Crunchyroll streams the series in North America, Central America, South America, and most of Europe. Funimation previously streamed the series in United States and Canada with subtitles.

====Episode list====

| No. | Title | Original release date |
| 1 | "The First Partner" "Hajimete no Pātonā" (はじめてのパートナー) | April 5, 2015 |
On the first day of his new job, Tsukasa Mizugaki rushes to Terminal Service No. 1, which is one of the offices in SAI Corp, where he is taught about Giftia, androids who survive on synthetic souls for a maximum lifespan of nine years and four months. Tsukasa is partnered with Isla, a Giftia who is highly regarded in the office and famous for a wide knowledge of herbs and tea. The two are led out by Tsukasa's trainer Michiru Kinushima and her partner Zack; Zack retrieves a Giftia, as a demonstration of their job for Tsukasa, and Michiru explains their job to him. Not long after, Tsukasa and Isla are assigned a mission to retrieve Nina, a child-type Giftia owned by an old woman named Chizu Shirohana. After multiple tries, Isla is unable to persuade Chizu to talk to them, which makes Tsukasa doubt her abilities. She finally manages to win a chance to talk with Nina, and Chizu overhears Nina giving her consent to be taken away so as not to cause trouble for Chizu, whom she loves dearly.
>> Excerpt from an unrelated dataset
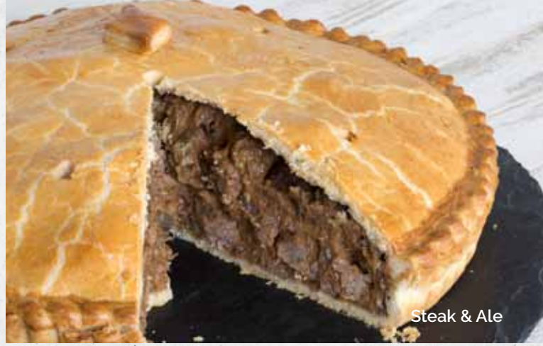
Steak & Ale

Chizu, realising she had not considered Nina's feelings in the matter, finally allows Nina to be taken away, and thanks Tsukasa when he apologizes.
| 2 | "Don't Want to Cause Trouble" "Ashi o Hipparitakunai node" (足を引っ張りたくないので) | April 12, 2015 |
Tsukasa meets Yasutaka Hanada, a spotter and a ten-year veteran at Terminal Service No. 1, whose aloof behavior surprises him, as well as annoys his partner Sherry. When Yasutaka asks him about how he got the job, Tsukasa reveals that his father is a friend of one of the higher-ups in the company, who decided to help him after he failed his entrance exams. After another failed attempt at retrieving and a scolding from Michiru, Tsukasa takes the blame despite it being Isla who caused the problem. Back in the office, he is prompted by a message about her and heads to the Unit Testing Room, where he meets Eru Miru and Mikijiro Tetsuguro, who are measuring Isla's physical skills. Tsukasa asks Isla about the physical training, and she tells him of her belief that she is holding him back because of all the time she spent off the field. Because of this, Tsukasa decides to do the negotiating with Giftia owners instead of Isla, in spite of the fact that it isn't what a spotter does. The next day, he begins putting together his own manual about owner negotiations and is assisted by Michiru and Zack. Once he is finished, he comes across Yasutaka, who learns about Isla's visits to the Unit Testing Room and remarks the pointless nature of those visits, explaining that Isla's physical capabilities are on a consistent decline that cannot be fixed, a characteristic of Giftia. Later on, Tsukasa and Isla successfully retrieve the Giftia they were previously assigned to, while Kazuki Kuwanomi, an experienced spotter, and Yasutaka talk about Isla's lifespan, which is set to expire in less than 2,000 hours, giving her less than three months to live.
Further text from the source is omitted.